All of lore.kernel.org
 help / color / mirror / Atom feed
From: Alex Williamson <alex.williamson@redhat.com>
To: Alexey Kardashevskiy <aik@ozlabs.ru>
Cc: David Gibson <david@gibson.dropbear.id.au>,
	Joerg Roedel <joerg.roedel@amd.com>,
	Benjamin Herrenschmidt <benh@kernel.crashing.org>,
	linux-kernel@vger.kernel.org
Subject: Re: [PATCH] iommu: making IOMMU sysfs nodes API public
Date: Mon, 18 Mar 2013 20:40:44 -0600	[thread overview]
Message-ID: <1363660844.24132.452.camel@bling.home> (raw)

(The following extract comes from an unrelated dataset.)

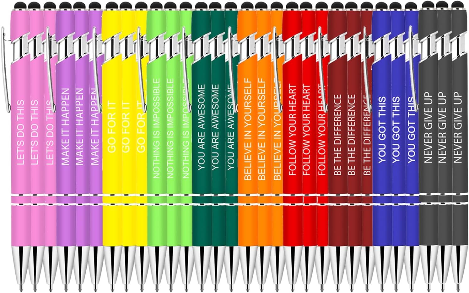 • Inspirational Quotes: Each cool pen is adorned with a different inspirational saying, like "GO FOR IT," "NEVER GIVE UP," "YOU GOT THIS," and "NOTHING IS IMPOSSIBLE." These high-quality pens with stylus tips in various colors will continue to motivate you for years to come.

In-Reply-To: <51468FC9.2030203@ozlabs.ru>

On Mon, 2013-03-18 at 14:53 +1100, Alexey Kardashevskiy wrote:
> On 20/02/13 15:33, Alex Williamson wrote:
> > On Wed, 2013-02-20 at 15:20 +1100, Alexey Kardashevskiy wrote:
> >> On 20/02/13 14:47, Alex Williamson wrote:
> >>> On Wed, 2013-02-20 at 13:31 +1100, Alexey Kardashevskiy wrote:
> >>>> On 20/02/13 07:11, Alex Williamson wrote:
> >>>>> On Tue, 2013-02-19 at 18:38 +1100, David Gibson wrote:
> >>>>>> On Mon, Feb 18, 2013 at 10:24:00PM -0700, Alex Williamson wrote:
> >>>>>>> On Mon, 2013-02-18 at 17:15 +1100, Alexey Kardashevskiy wrote:
> >>>>>>>> On 13/02/13 04:15, Alex Williamson wrote:
> >>>>>>>>> On Wed, 2013-02-13 at 01:42 +1100, Alexey Kardashevskiy wrote:
> >>>>>>>>>> On 12/02/13 16:07, Alex Williamson wrote:
> >>>>>>>>>>> On Tue, 2013-02-12 at 15:06 +1100, Alexey Kardashevskiy wrote:
> >>>>>>>>>>>> Having this patch in a tree, adding new nodes in sysfs
> >>>>>>>>>>>> for IOMMU groups is going to be easier.
> >>>>>>>>>>>>
> >>>>>>>>>>>> The first candidate for this change is a "dma-window-size"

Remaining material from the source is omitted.